So while this would be quite easy to implement in C++ (or other OO languages), it's a bit more challenging in C.
One way you could get around is it to create a generic "packet" structure such as this:
typedef struct {
void* messageHandler;
int messageLength;
int* messageData;
} packet;
Where the messageHandler member is a function pointer to a callback routine which can process the message type, and the messageLength and messageData members are fairly self-explanatory.
The idea is that the method which you pass the packetStruct to would use the Tell, Don't Ask principle to invoke the specific message handler pointer to by messageHandler, passing in the messageLength and messageData without interpreting it.
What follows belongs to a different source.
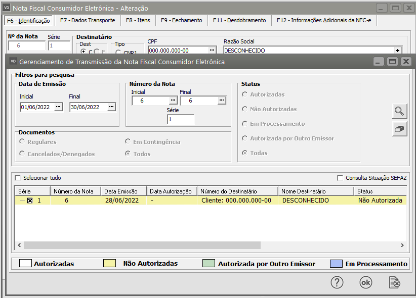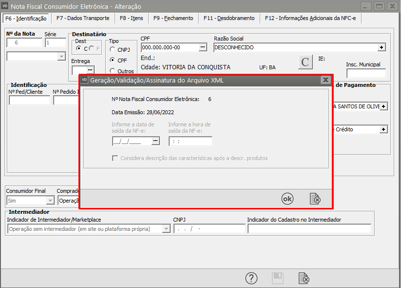 Se todas as informações estiverem corretamente cadastradas, a NFC-e será assinada e validada com sucesso.

The dispatch function (pointed to by messageHandler) would be message-specific and will be able to cast the messageData to the appropriate meaningful type, and then the meaningful fields can be extracted from it and processed, etc.
Of course, this is all much easier and more elegant in C++ with inheritance, virtual methods and the like.
Edit:
In response to the comment:
I'm a little unclear how "able to cast
the messageData to the appropriate
meaningful type, and then the
meaningful fields can be extracted
from it and processed, etc." would be
accomplished.
You would implement a handler for a specific message type, and set the messageHandler member to be a function pointer to this handler. For example:
void messageAlphaHandler(int messageLength, int* messageData)
{
MessageAlpha* myMessage = (MessageAlpha*)messageData;
// Can now use MessageAlpha members...
int messageField = myMessage->field1;
// etc...
}
You would define messageAlphaHandler() in such a way to allow any class to get a function pointer to it easily. You could do this on startup of the application so that the message handlers are registered from the beginning.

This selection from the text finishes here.